Can't believe that my thread is locked already?

WHOWOULDOFTHOUGHT?

Well, as for me..I was reading an interesting blurb in OW Bandaid thread by IMP. I think I need to address a VERY important issue..

Well, I read there was reference to "The Scream" painting..you know, the one that is all spooky that resembles the stance from the kid in Home Alone movies..

I just thought I would share a tidbit of info will all of you folks..Now, not to many people know this..

Ya ready?

He is my GREAT UNCLE!! Edward Munch..Who was the artist to the painting..
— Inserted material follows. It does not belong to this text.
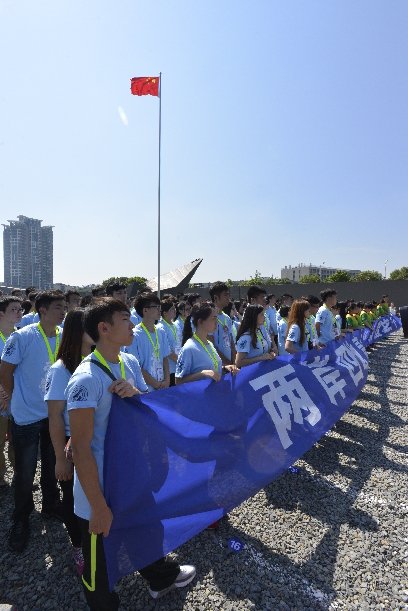 本網訊 為紀念中國人民抗日戰爭暨世界反法西斯戰爭勝利70周年,增強青年學生的國家、民族觀念,7月29日上午,香港、澳門、台灣及內地1000 餘名青年學生在侵華日軍南京大屠殺遇難同胞紀念館共同舉行了「相聚國旗下」活動。

I know, I know, psychosis probably runs in my family, too, seeing who my relatives are..lol

My grandparents were straight off the boat from Norway in the early 1900's so my brother decided to trace our roots. Actually, he is a writer, as well, and wrote a novel about our Norwegian relatives..

Not published yet, but we are keeping our fingers crossed.. ;\)

Anyway, that post made me laugh when I read it last night on IMP's thread..was going to respond but it was locked, too.

We need to start a thread about our encounters with famous people..related, neighbor, whatever..could be fun.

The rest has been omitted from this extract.